-------- EXERCISE DATA --------

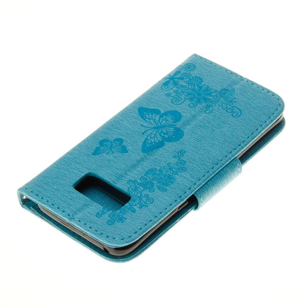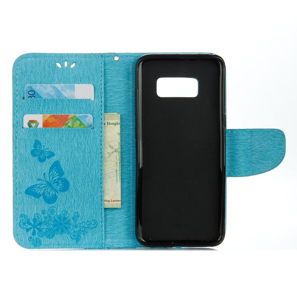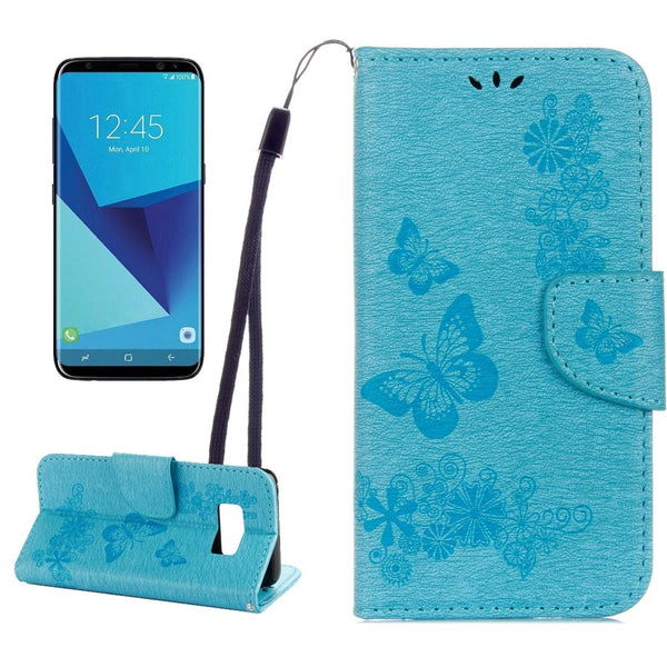 For Galaxy S8 Butterflies Embossing Horizontal Flip Leather Case with Holder & Card Slots & Wallet & Lanyard(Blue)
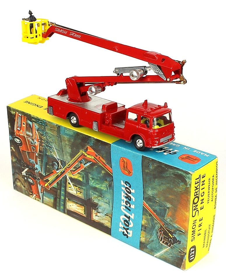 The Simon Snorkel fire engine was made between 1964-74. This example has a Bedford cab, spun wheels, 6 firemen, water cannon, extending and rotating boom. Original fine tread tyres run well. Version with gold boom jointed pipes.
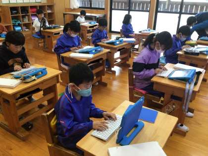 4年生は1分間でタブレットに何文字入力できるかに取り組んでいました。5年生は落ち着いた雰囲気で朝の会が行われています。立派です。
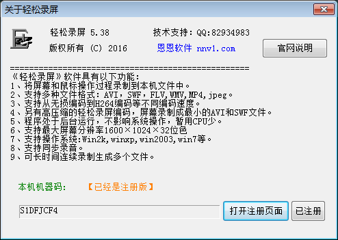 Easy recording of the screen for registration
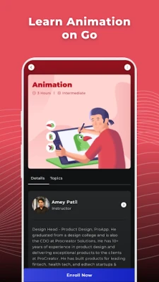 Next, "Topic 4: Core Principles of Animation" introduces you to the indispensable principles of animation. Understand concepts like Squash and Stretch, Anticipation, Pose to Pose, Arc, Timing, and Exaggeration. These cornerstones are designed to elevate your animation design learning experience.
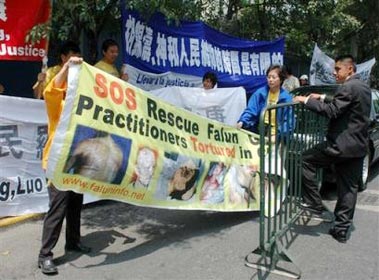 路透社二零零五年九月十二日报导,墨西哥法轮功学员在中共党魁胡锦涛抵达墨西哥城前,在参议院大楼前举办揭露中共迫害的酷刑展。
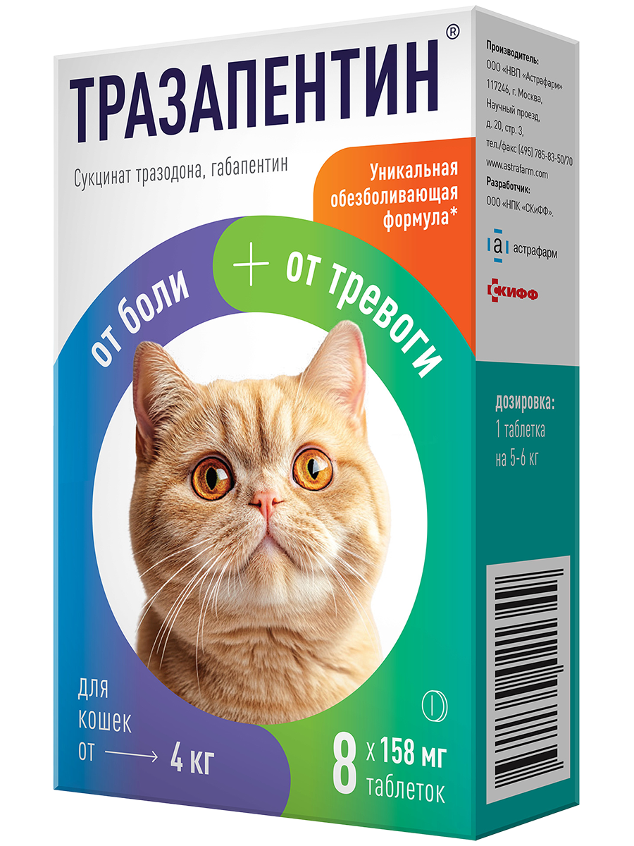 Тразапентин® таблетки для кошек от 4 кг (масса таблетки 158 мг) - 54 мг габапентина и 18 мг сукцината тразодона на таблетку

--------

= EXERCISE AIM =
Copy back exactly the lines above from the one containing "4年生は1分間でタブレットに" through the one containing "Easy recording of", and leave every picture behind.

= ANSWER FOR THIS EXERCISE =
 4年生は1分間でタブレットに何文字入力できるかに取り組んでいました。5年生は落ち着いた雰囲気で朝の会が行われています。立派です。
 Easy recording of the screen for registration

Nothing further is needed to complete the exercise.